New unit tests were added to verify the functionality.

By submitting this pull request, I confirm that my contribution is made under the terms of the Apache 2.0 license.
For more information on following Developer Certificate of Origin and signing off your commits, please check here.

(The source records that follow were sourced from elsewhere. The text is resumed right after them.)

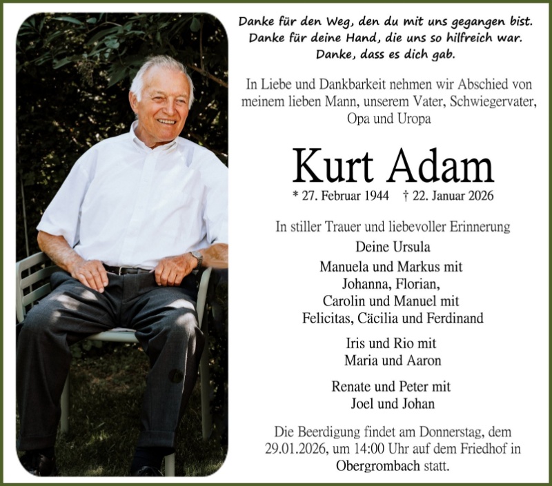 in diesen Tagen fühlen wir mit Ihnen und wünschen Ihnen von Herzen, dass Sie aus den glücklichen Erinnerungen Kraft schöpfen, um positiv in die Zukunft zu gehen. Diese Gedenkseite möge Ihnen dabei helfen, Ihre Trauer zu teilen und das Andenken gemeinsam wachzuhalten.
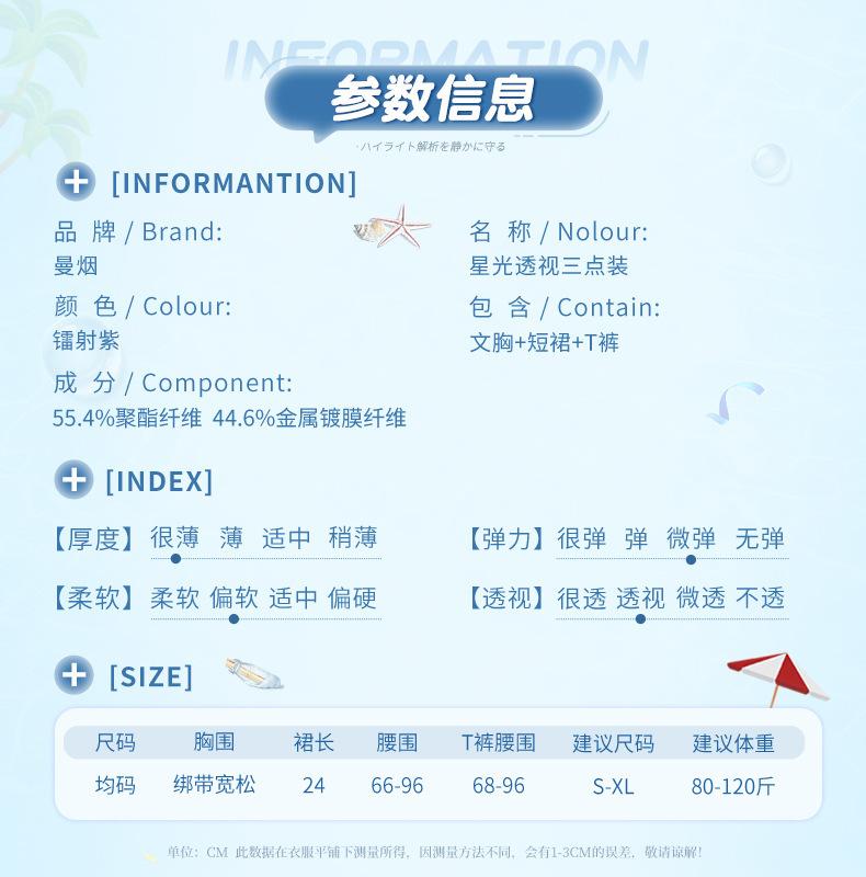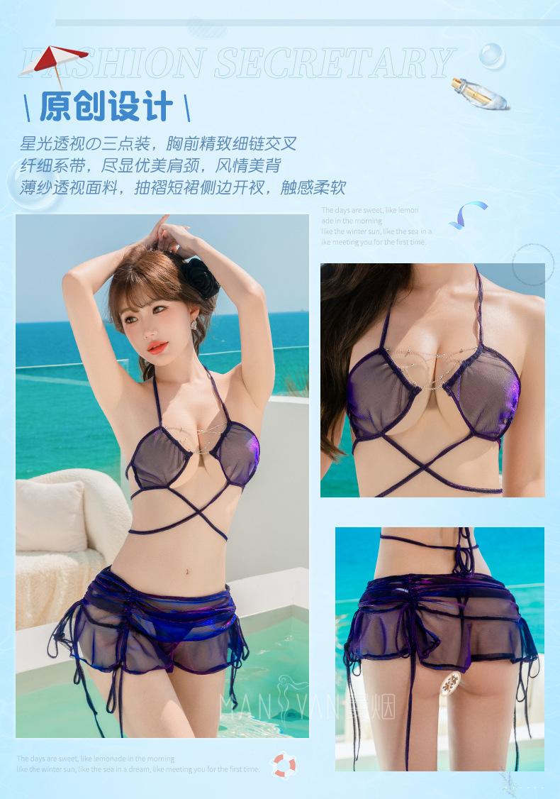 Manyan Lencería Sexy de Verano Perspectiva Starlight Traje de Baño de Playa Sirena de Tres Puntos Uniforme Traje 9203
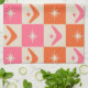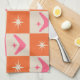 Checkered Mid Century Boomerangs pink and orange Kökshandduk

This commit introduces FlintJob logic for EMR-S, mirroring the existing SQLJob implementation for EMR cluster. The key differences in FlintJob are: 1. It reads OpenSearch host information from spark command parameters. 2. It ensures the existence of a result index with the correct mapping in OpenSearch, creating it if necessary. This process occurs in parallel to SQL query execution. 3. It reports an error if the result index mapping is incorrect. 4. It saves a failure status if the SQL execution fails. Testing: 1. Manual testing was conducted using the EMR-S CLI. 2. New unit tests were added to verify the functionality. Signed-off-by: Kaituo Li <[email protected]>

vmmusings · 2023-09-29T23:29:18Z

spark-sql-application/src/main/scala/org/apache/spark/sql/FlintJob.scala

+        StructField("jobRunId", StringType, nullable = true),
+        StructField("applicationId", StringType, nullable = true),
+        StructField("dataSourceName", StringType, nullable = true),
+        StructField("status", StringType, nullable = true)


Can we update documentation with status as well.

vmmusings · 2023-09-29T23:32:19Z

spark-sql-application/src/main/scala/org/apache/spark/sql/FlintJob.scala

+      val data = executeQuery(spark, query, dataSource)
+
+      val correctMapping = ThreadUtils.awaitResult(futureMappingCheck, Duration(10, MINUTES))
+      writeData(spark, data, resultIndex, correctMapping, dataSource)


can we write errors from executingQuery back to the result index. This way we can propagate some information to the user when the Query Fails.

added errors in the result index

vmmusings · 2023-09-30T01:06:56Z

spark-sql-application/src/main/scala/org/apache/spark/sql/FlintJob.scala

+    val spark = createSparkSession(conf)
+
+    val threadPool = ThreadUtils.newDaemonFixedThreadPool(1, "check-create-index")
+    implicit val executionContext = ExecutionContext.fromExecutor(threadPool)


For my understanding: If we don't provide the above thread pool, I am assuming there will be a default threadPool? If yes, with how many threads?[No of Cores]. Does this overwrite the default threadpool.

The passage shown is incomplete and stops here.